Um Clássico Etílico. Hollywood já gerou uma porção de bons filmes sobre drogas. A lista é imensa: O Homem do Braço de Ouro, Os Viciados, Drugstore Cowboy, Despedida Em Las Vegas, e por aí vai. Farrapo Humano, de Billy Wilder, entretanto, é frequentemente apontado como o melhor do gênero. Não sem motivo. "The Lost Weekend", o título em inglês "fim de semana perdido", já entrega o teor do filme. A droga em questão é o álcool, o velho destruidor de lares, e o filme é um dos dramas mais amargos da história. 

Rodado em 1945, o roteiro é baseado num romance de Charles R. Jackson e traz Ray Milland como o "farrapo humano" Don Birnam, numa interpretação perfeita, extremamente realista, sem os exageros característicos dos dramalhões. É uma combinação perfeita entre diretor, escritor e ator, sem falar do resto da equipe técnica. A trilha sonora de Miklós Rózsa, por exemplo, foi pioneira no uso do theremin, um instrumento de sons esquisitos que seria posteriormente popularizado nos filmes de ficção científica dos anos 50. 

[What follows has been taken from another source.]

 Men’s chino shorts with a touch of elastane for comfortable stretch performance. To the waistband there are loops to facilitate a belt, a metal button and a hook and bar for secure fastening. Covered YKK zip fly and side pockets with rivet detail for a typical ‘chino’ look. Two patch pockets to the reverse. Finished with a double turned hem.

Foto: Ray Milland e  Jane Wyman

Farrapo Humano conta a história de Don Birnam, um alcoólatra crônico e aspirante a escritor, que entrega-se a mais um ciclo de bebedeiras, acabando com os planos de seu irmão e sua namorada de levá-lo para um fim de semana saudável no campo. Tudo começa de forma quase otimista. Don e Wick, seu irmão (Phillip Terry ), estão em casa fazendo as malas e a conversa gira em torno do quanto uns dias longe da cidade fará bem a Don. "Será bom pra você... Depois de tudo que você passou", diz Wick. O irmão concorda, fazendo questão de afirmar que está há 10 dias sóbrio. 

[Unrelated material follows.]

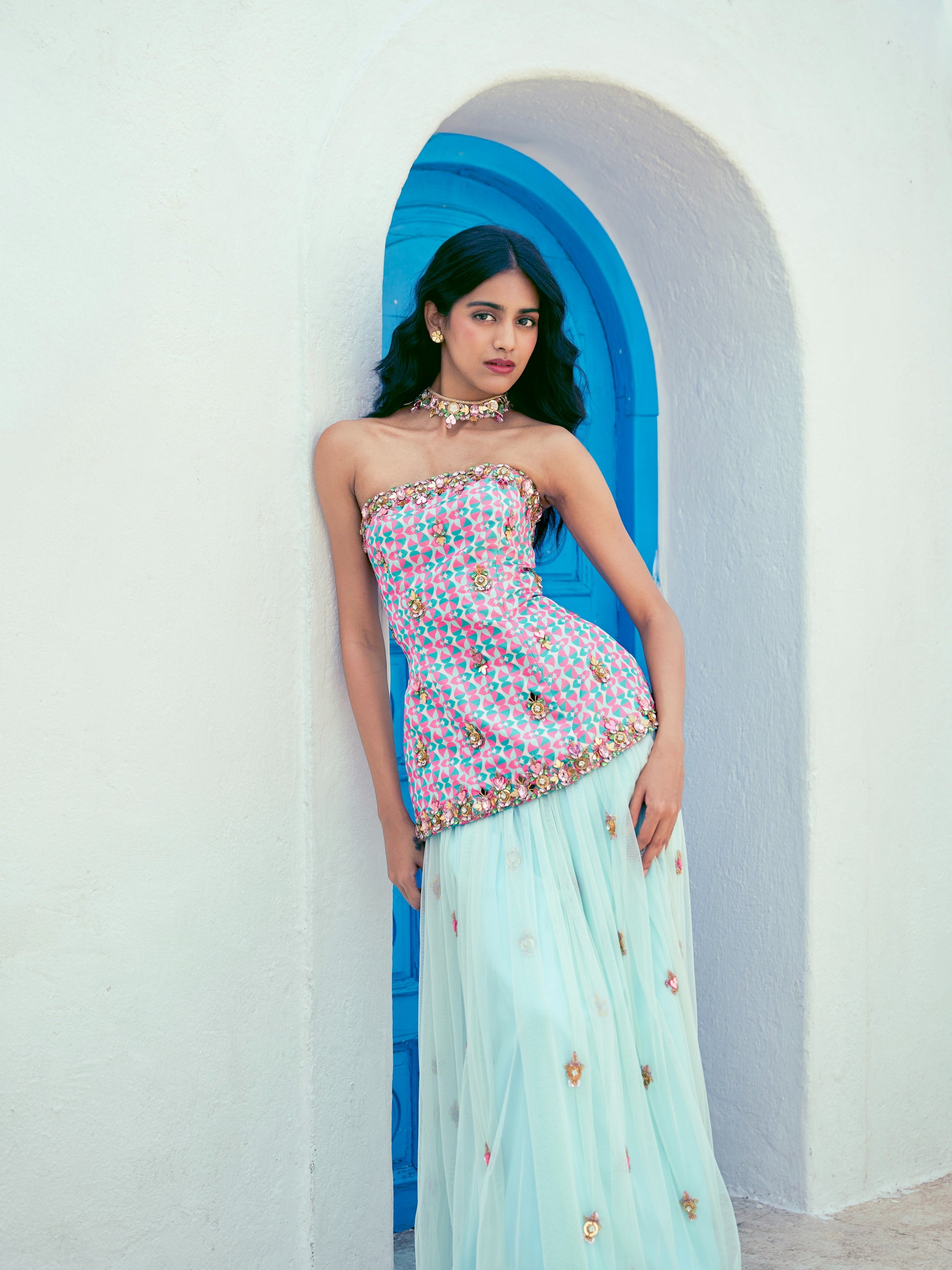 Can’t get — won’t get — enough of this vintage embroidered corset with its charming checks-heart print. The carefully curated embroidery steals the show: luxurious gold details, sparkling stones, and tinted reflective mirrors come together in perfect harmony. A modern silhouette infused with a touch of vintage luxe — timeless, bold, and beautifully crafted.

Mas logo tudo começa a se esclarecer. Don realmente pretende viajar com o irmão, mas não está nem um pouco interessado em passar quatro dias longe da bebida. Enquanto separa suas roupas para a viagem, seu pensamento está inteiramente voltado para uma garrafa escondida, separada especialmente para lhe fazer compainha durante o feriado. No entanto, as verdadeiras intenções de Don vêm a tona quando Wick descobre a garrafa, pendurada num cordão para fora da janela (detalhe sórdido), e despeja seu conteúdo na privada. Começa, então, a derrocada emocional de Don através do fim de semana. 

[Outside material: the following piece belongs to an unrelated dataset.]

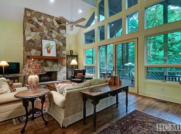 Bright, light, open floorplan makes this home live large. The greatroom has soaring ceilings with a floor to ceiling stone fireplace as the focal point for the room. The kitchen is open and has a long serving bar perfect for family and guest to congregate. The greatroom opens to a large screened in porch which not only provides seating for 8-10 but also accommodates a dining area. The master has a wonderful bath with separate shower and garden tub plus dual vanities and a large walk-in closet. In addition there are two guest suites. All this on one level with no maintenance landscaping. Falcon Ridge is great location in the club to walk your dog, jog, stroll or bike. Social or Golf Membership in Highlands Falls is available with approval but not required.

Primeiro ele convence seu irmão a trocar o horário do trem para acompanhar sua namorada, Helen (Jane Wyman ), a um concerto de Brahms, já que a garota tem duas entradas e, segundo Don, não fica bem ela ir desacompanhada ao teatro. "Você vai com ela. Eu ainda preciso terminar de arrumar minha mala", alega Don - é obviamente uma desculpa esfarrapada para tentar arranjar uma outra garrafa durante a ausência do irmão. Wick acaba concordando. Sabe que seu irmão não tem um tostão furado e os bares das redondezas já não lhe dão mais crédito. 

Sozinho em casa, começa a entrar em desespero, tentando arrumar uma solução para o problema. Viajar sem a garrafa está fora de questão. Para seu alívio, uma visita inesperada traz sua salvação: A faxineira aparece para fazer seu serviço, porém é dispensada por Don, cujo estado de nervos não admite a presença de mais ninguém no recinto. Porém, quando a empregada pergunta se Wick deixou algum dinheiro para ela, Don pensa rápido e responde: "Provavelmente. Onde ele costuma guardar?". Depois que a mulher informa o local, Don some por uns instantes e retorna em seguida, dizendo que seu irmão esqueceu de deixar o dinheiro. "Que pena! Eu queria fazer compras hoje"!, lamenta-se a empregada. É a deixa que Don precisava pra se munir de uísque, e iniciar sua maratona alcoólica. 

Com 10 dólares na mão, Don vai direto a um bar e pede seu primeiro drink. Avisa ao barman para lhe lembrar que de 15 para às seis, ele deve estar em casa, de malas prontas, esperando pelo irmão. Horas mais tarde, está esparramado no balcão, bêbado, ocupado com um discurso solitário. O barman lhe relembra pela centésima vez do horário combinado. "Don, você deve ir para casa! Seu irmão está esperando por você". "Quem disse isso?", pergunta realmente surpreso com o fato. "Você mesmo!". Mas já é tarde. O garçom lhe informa a hora - seis e dez. A essa altura, seu irmão deve estar prestes a entrar no trem. 

Don acaba ficando sozinho em casa durante todo o feriado, alternando suas bebedeiras com terríveis crises de abstinência. Tenta em vão começar o seu tão planejado romance, mas não consegue passar do título: The Bottle (A Garrafa). Entregue ao álcool no apartamento, ele revê vários eventos tumultuados de sua vida, todos eles em decorrência da bebida. 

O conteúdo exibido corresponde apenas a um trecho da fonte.